错误地替换内容

时间:2014-12-21 09:46:50

标签: python regex

我试图用仅包含以下任何一个词的句子替换早午餐一词:星期六,星期日和/或周末。然而,它正在取代整个句子,而不仅仅是术语早午餐。

>>> reg = re.compile(r'(?:(?:^|\.)[^.]*(?=saturday|sunday|weekend)[^.]*(brunch)[^.]*(?:\$|\.)|(?:^|\.)[^.]*(brunch)[^.]*(?=saturday|sunday|weekend)[^.]*(?:\$|\.))',re.I)
>>> str = 'Limit 1 per person. Limit 1 per table. Not valid for carryout. Not valid 
    with any other offers, no cash back. Valid only for Wednesday-Friday dinner and 
    Saturday-Sunday brunch. Not valid on federal holidays. Reservation required.'
>>> reg.findall(str)
[('brunch', '')]
>>> reg.sub(r'BRUNCH',str)
'Limit 1 per person. Limit 1 per table. Not valid for carryout. Not valid with any 
 other offers, no cash backBRUNCH Not valid on federal holidays. Reservation required.'

我希望它产生以下内容:

Limit 1 per person. Limit 1 per table. Not valid for carryout. Not valid with any other
offers, no cash back. Valid only for Wednesday-Friday dinner and Saturday-Sunday BRUNCH. 
Not valid on federal holidays. Reservation required.

答案:

为了解决这个问题,我能够使用以下内容:

>>> reg = re.compile(r'(?:((?:^|\.)[^.]*(?=saturday|sunday|weekend)[^.]*)(brunch)([^.]*(?:\$|\.))|((?:^|\.)[^.]*)(brunch)([^.]*(?=saturday|sunday|weekend)[^.]*(?:\$|\.)))',re.I)
>>> reg.sub('\g<1>BRUNCH\g<3>',str)
'Limit 1 per person. Limit 1 per table. Not valid for carryout. Not valid with any other offers, no cash back. Valid only for Wednesday-Friday dinner and Saturday-Sunday BRUNCH. Not valid on federal holidays.

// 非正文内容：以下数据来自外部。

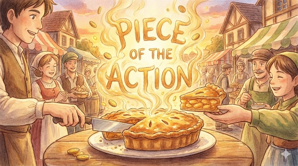 - 해석: 어떤 활동이나 사업의 이익, 혹은 흥미로운 일에 일부분으로 참여하는 것을 비유합니다.

Reservation required.'

4 个答案:

答案 0 :(得分:3)

不是使用正则表达式,而是将其分解为步骤更简单:

s = "Limit 1 per person. Limit 1 per table. Not valid for carryout. Not valid with any other offers, no cash back. Valid only for Wednesday-Friday dinner and Saturday-Sunday brunch. Not valid on federal holidays. Reservation required."
results = []
for line in s.split("."):
    if any(text in line.lower() for text in ("saturday", "sunday", "weekend")):
        results.append(line.replace("brunch", "BRUNCH"))
    else:
        results.append(line)
result = ".".join(results)
print(result)

答案 1 :(得分:1)

保持你的正则表达式像这样简单并使用替代参考:

reg = re.compile(r'((?:saturday|sunday|weekend)\s+)brunch', re.I)
reg.sub(r'\1BRUNCH',str)
'Limit 1 per person. Limit 1 per table. Not valid for carryout. Not valid with any other
 offers, no cash back. Valid only for Wednesday-Friday dinner and Saturday-Sunday BRUNCH.
 Not valid on federal holidays. Reservation required.'

答案 2 :(得分:1)

因为你被迫使用正则表达式:

搜索

((?:^|\.)(?=[^.]*(?:saturday|sunday|weekend))[^.]*)brunch

替换为

\1BRUNCH

确保将其编译为不区分大小写。请参阅demo

请注意,这只会替换每个句子brunch出现一次。

答案 3 :(得分:0)

您不必被迫使用regex,您可以分割您的句子并分别处理每个句子并改为使用列表理解:

>>> import re
>>> l=s.split('.')
>>> print '.'.join([re.sub('brunch','BRUNCH',sent) if 'Saturday' in sent or 'Sunday' in sent or 'Weekend' in sent else sent for sent in l])
'Limit 1 per person. Limit 1 per table. Not valid for carryout. Not valid 
    with any other offers, no cash back. Valid only for Wednesday-Friday dinner and 
    Saturday-Sunday BRUNCH. Not valid on federal holidays. Reservation required.'